> [Required work]: Copy word for word the lines of the records below, beginning at the one with "By SuperSib Diana, age 17" and finishing at the one with "3500# Hydraulic Uni-servo Brake Assembly - RH", ends included, but none of the pictures.

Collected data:
•••
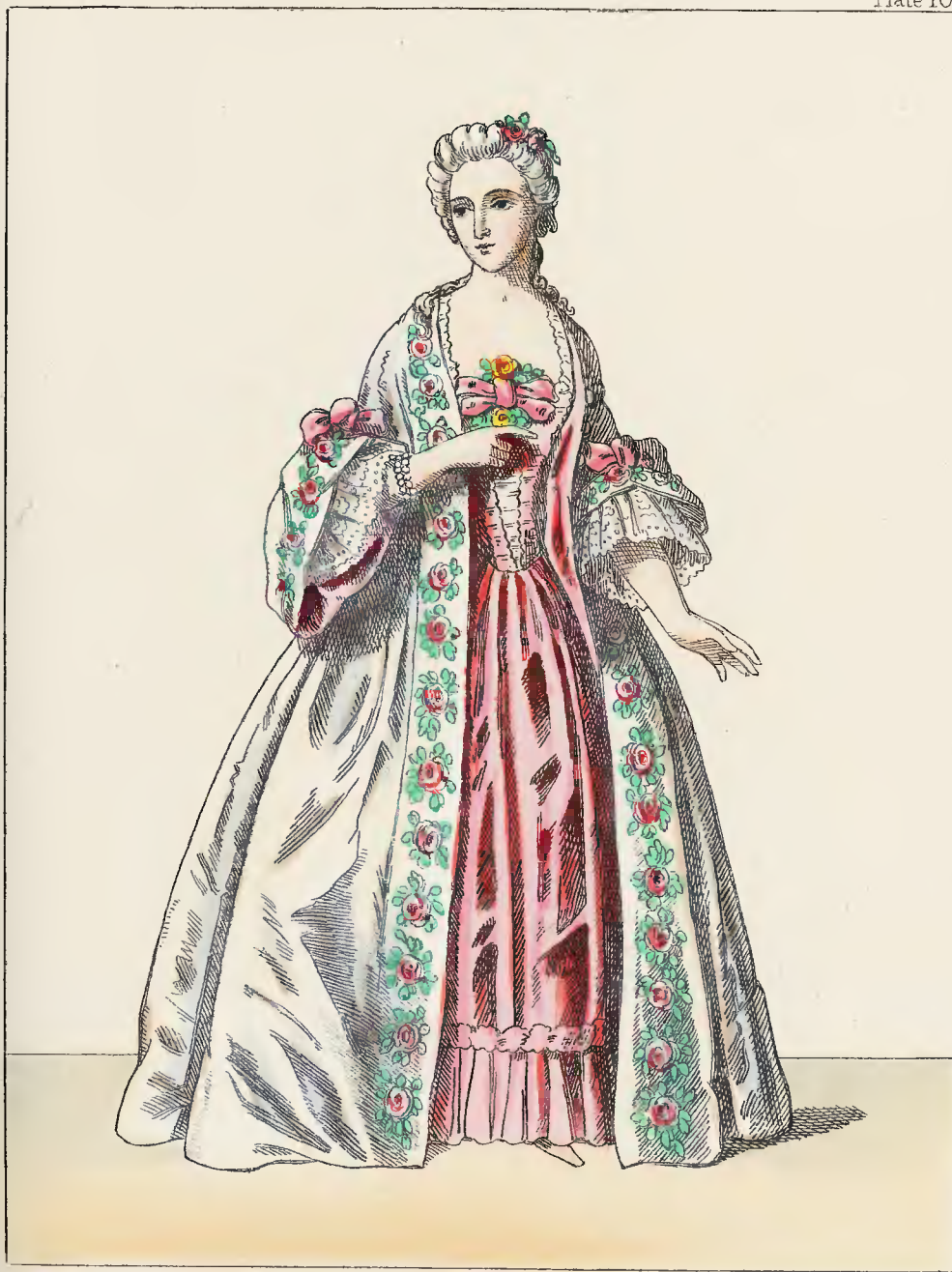
MADAME DU BARRY—1770
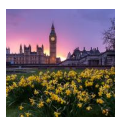
ENGL 3164: History & Literature of Georgian Britain
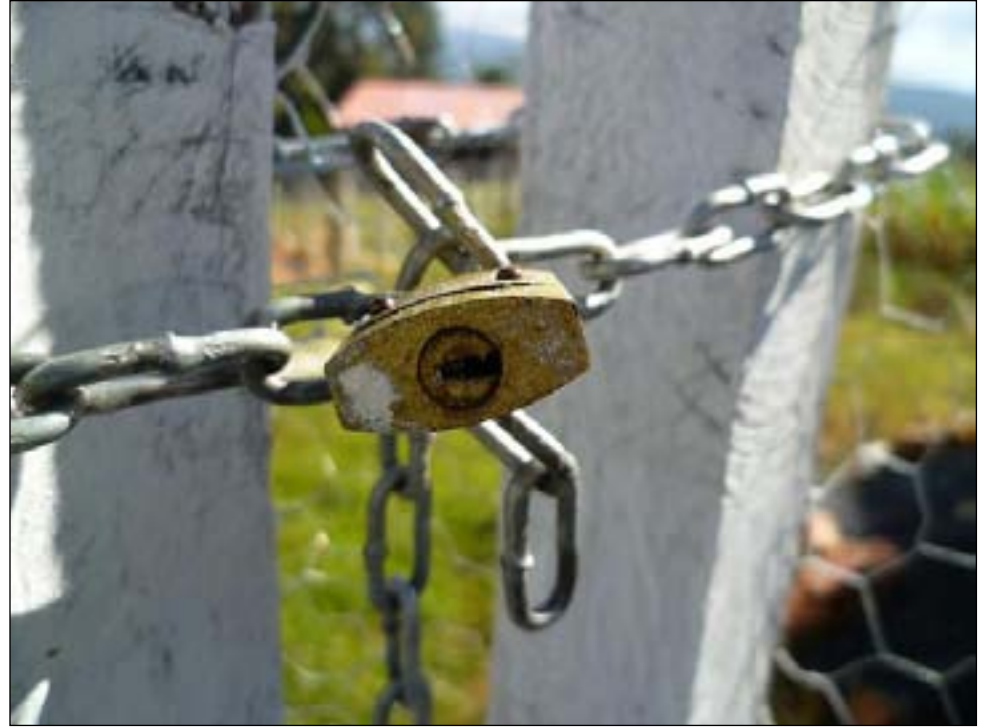
Librarians and digital natives have the key to "open the door"

ibraries are changing, they are no longer book warehouses covered with dust and spiderwebs, they are neither those places were children were sent when punished, but instead are becoming a more dynamic space that serves the needs of its users.
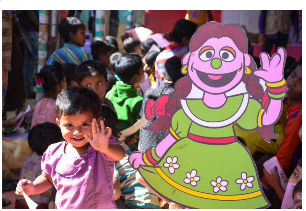
Rohingya children got into the swing of things at the opening of the Sesame Street activities, interacting with life size characters and cut out boards of other characters, as well as games and other educational materials.

Development Centres in Cox's Bazar. The aim is to utilize the Learning Centres and Child Friendly Spaces, working with existing education personnel, to diversify existing teaching methodologies as well as tools available to teachers. The pilot will
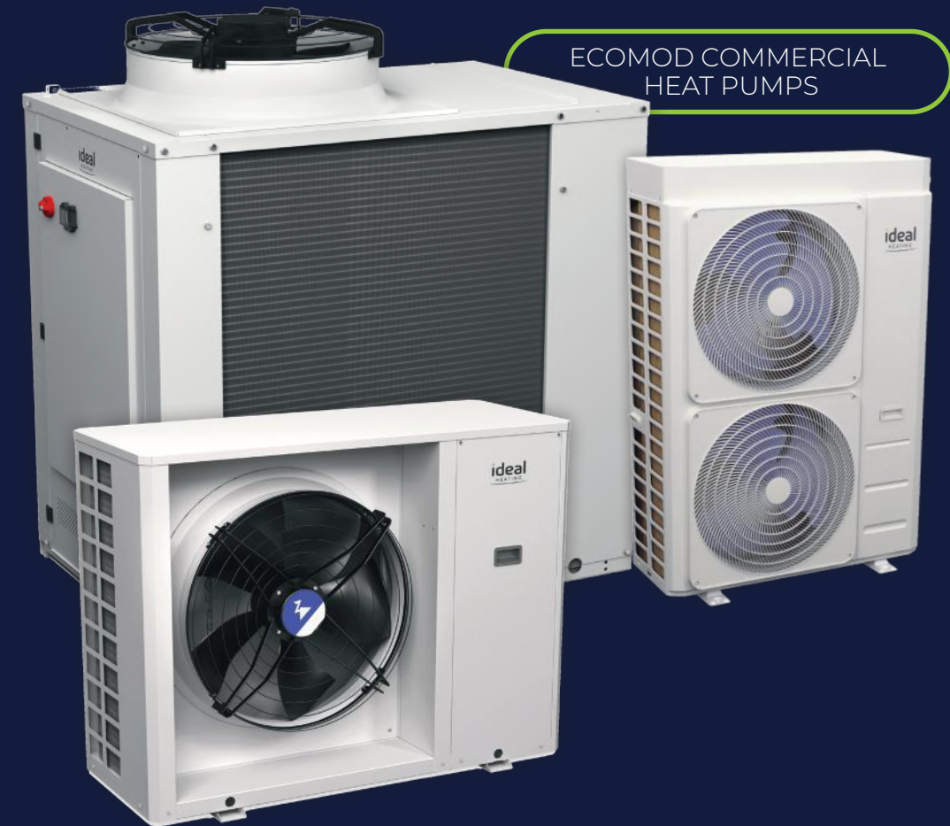
ECOMOD COMMERCIAL HEAT PUMPS
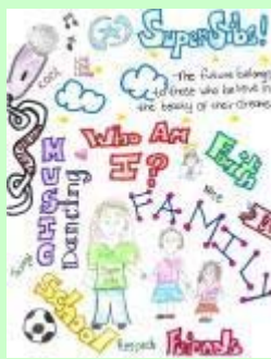
By SuperSib Diana, age 17
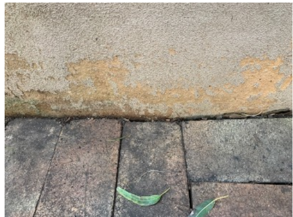
Concrete slab no access to subfloor
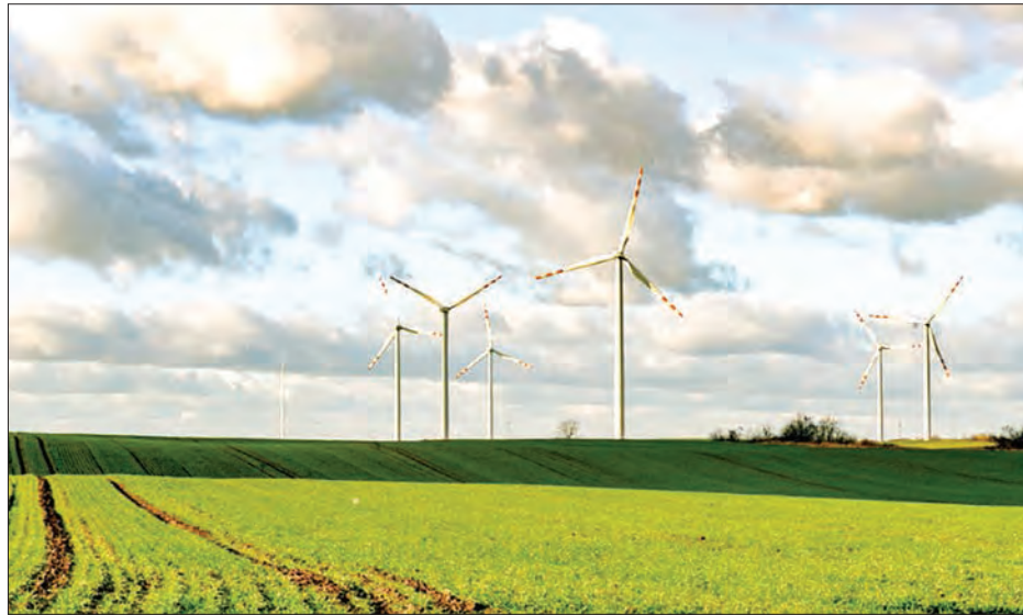
More wind turbines are needed if Poland is to meet its green energy commitments.

Poland currently has around 6.4 gigawatts of installed wind power, compared to neighbouring Ger-
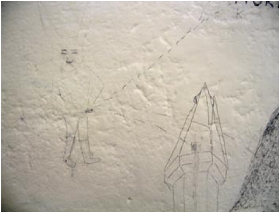
DRAWING PENCIL DIRECTLY ON THE WALL
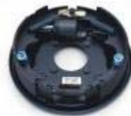
3500# Hydraulic Uni-servo Brake Assembly - RH

(K23-312-00) Complete 10" x 2-1/4" hydraulic uni-servo brake assembly. Left Hand.
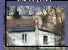
Very Poor Upkeep
•••
> [Solution to the problem]:
By SuperSib Diana, age 17
Concrete slab no access to subfloor
More wind turbines are needed if Poland is to meet its green energy commitments.

Poland currently has around 6.4 gigawatts of installed wind power, compared to neighbouring Ger-
DRAWING PENCIL DIRECTLY ON THE WALL
3500# Hydraulic Uni-servo Brake Assembly - RH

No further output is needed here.